Confidence intervals and standard error for binary data/proportions

Question

I'm doing some research into degrees held by professionals of different types, based on survey data. I'd like to be able to provide confidence intervals for some of the subgroups of professionals as they are of variable sample sizes, to work out whether the data is significant. The data is confidential, so i've made up some mock data below to demonstrate.

In the data you can see that 26% of teachers have at least one of the qualifications, 19% of lawyers and 66% of doctors. How do I work out the confidence intervals for this data?

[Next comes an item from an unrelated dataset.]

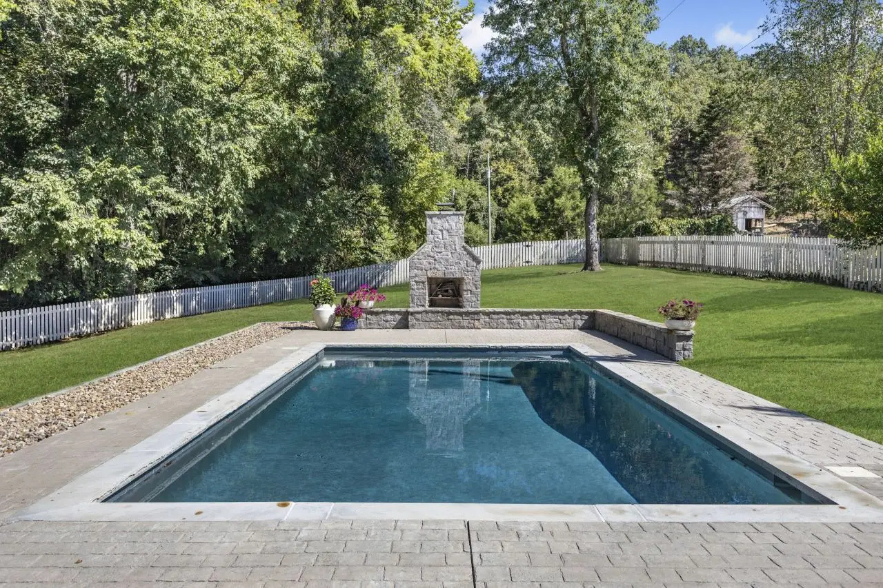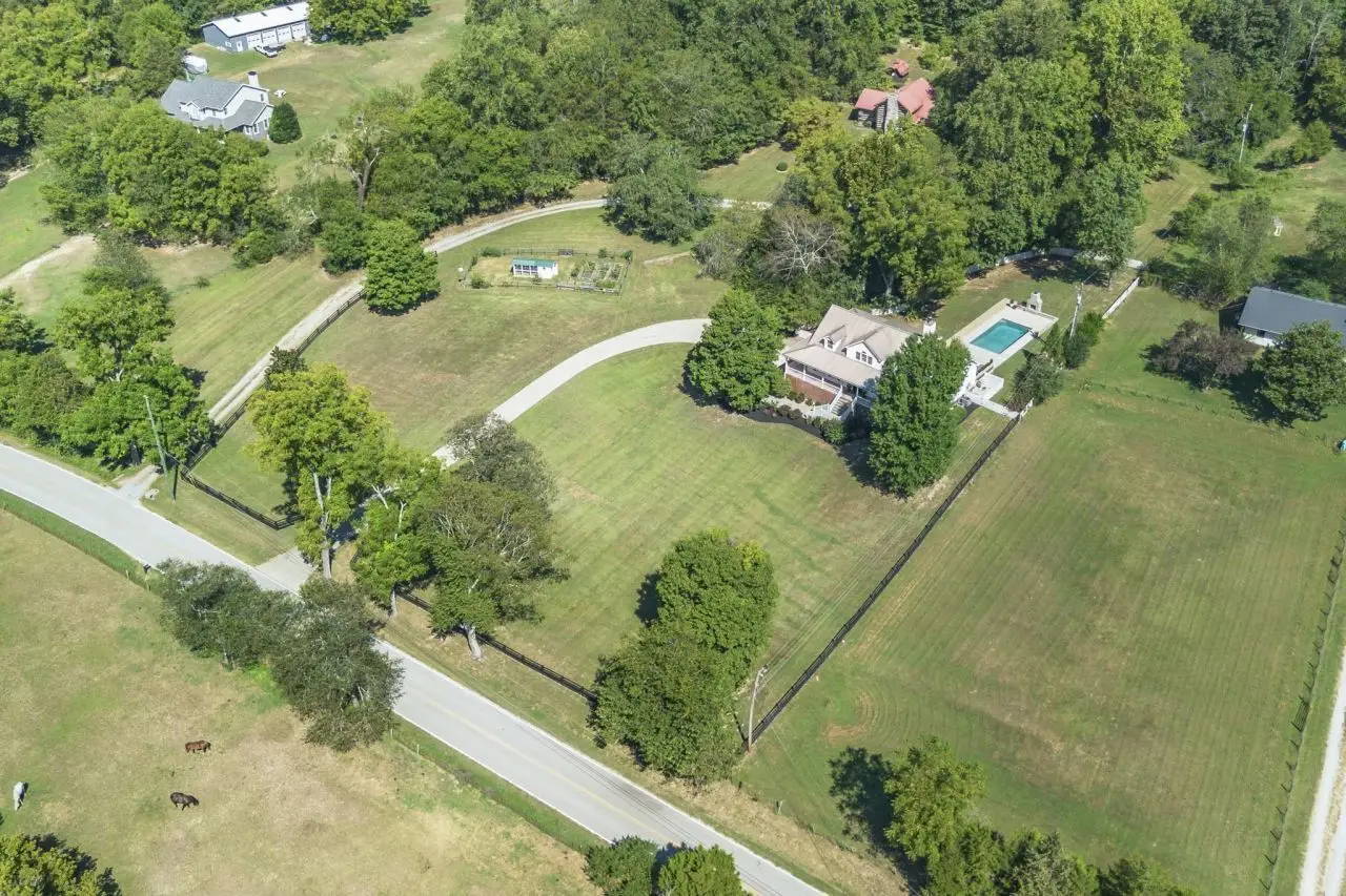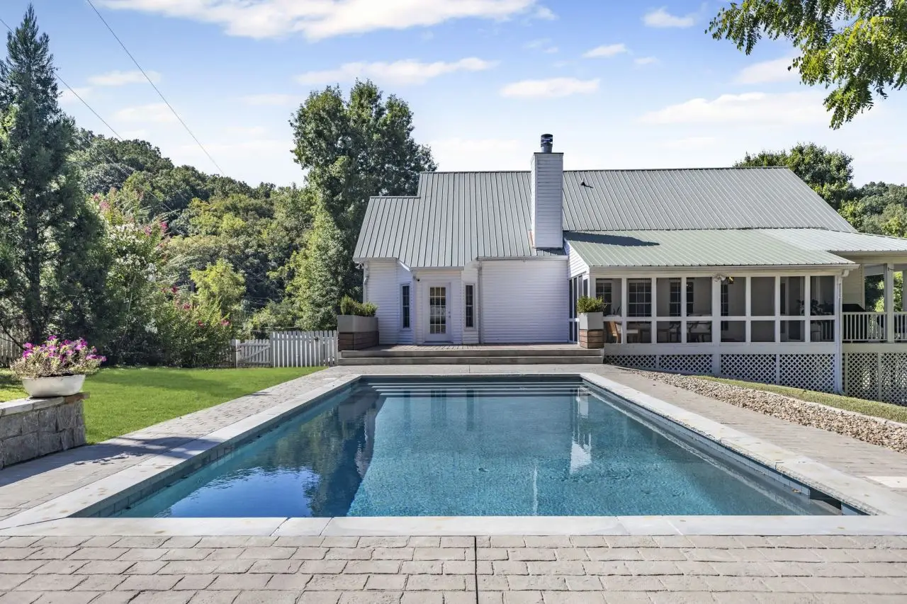 Welcome to 8756 Poplar Creek Road â?? a serene retreat just 25 minutes from downtown Nashville and moments from Harpeth Village. Set behind stone columns and surrounded by nature, this elevated home offers sweeping views of pastures and wooded hillsides from its wrap-around porch. Inside, the foyer opens to a dining room and a soaring double-height living room with custom built-ins and a floor-to-ceiling stone gas fireplace. The kitchen features wood cabinetry, granite countertops, and newer stainless appliances including a gas range, hood vent, refrigerator, dishwasher, and updated lighting. A screened porch off the living room overlooks the fully fenced backyard and 15â?? x 30â?? Gunite saltwater pool, framed by a wood-burning stone fireplaceâ??ideal for both cozy evenings and vibrant summer gatherings. The spacious first-floor primary suite boasts an 11-ft tray ceiling, walk-in closet, two additional closets, and a large bath with jetted tub, shower, and granite double vanity. Step directly from the suite to the pool deck through a private door. Upstairs are two bedrooms with charming viewsâ??one with vaulted ceiling and walk-in closetâ??and a beautifully renovated bath featuring Carrera marble, a custom vanity, and clawfoot tub. A large attic provides bonus storage. The ground floor includes a private-entry recording studio with soundproofed Live Room, Control Room, and Machine Roomâ??all with individual AC units. This level could also serve as a home theater, gym, office, or guest suite, complete with a full bath and storage. Outside, enjoy a fenced raised-bed garden with chicken coop, compost system, trellises, and stone/gravel paths. Adjacent lawn offers room for expansionâ??guest cottage, sunflower field, or more. Recent updates: New HVAC & water heater (2025), whole-house water filtration + RO (2024), and updated lighting throughout.

I'm working in stata, and the information is stored as a person by person basis, with a 0 if they don't have a degree, and a 1 if they have one, so I worked out the percentage by adding up and dividing from the total, just can't work out how you get a CI. (does it require SE and SD?)

• Teachers n=115
  • PhD :3
  • Masters :5
  • Diploma :22
  • Any of the above qualifications :30
• Lawyers n=220
  • PhD :4
  • Masters :15
  • Diploma :23
  • Any of the above qualifications :42
• Doctors n=15
  • PhD :3
  • Masters :6
  • Diploma :1
  • Any of the above qualifications :10

Answer 1

There are at least three different ways of doing this:

/* (1) Just Using Counts */
cii proportion 15 10, jeffreys
cii proportion 220 42, jeffreys
cii proportion 115 30, jeffreys

/* (2) Using The Variables */
/* Fake Data */
clear
input total_n str10 occupation q1
115 "teachers" 30
220 "lawyers" 42 
15  "doctors" 10
end
gen q0 = total_n - q1 
drop total_n
reshape long q, i(occupation) j(any_quals)
expand q
drop q
sort occupation any_quals
sencode occupation, replace
tab occupation any_quals, row chi2 
bys occupation: ci proportion any_quals, jeffreys

/* (3) Using a probit/logit: helpful for comparing groups */
quietly probit any_quals i.occupation
margins occupation
margins ar.occupation
margins r.occupation

Here I used the Jeffreys binomial confidence intervals since the doctors group has such a small sample size, but you could have also used Wilson or Agresti–Coull intervals. You can read more about these in the Stata manuals. Examples 6 and 7 go into this a bit and provide a reference.

The probit/logit CIs won't exactly match the binomial CIs, but they will allow you to test a richer set of hypotheses.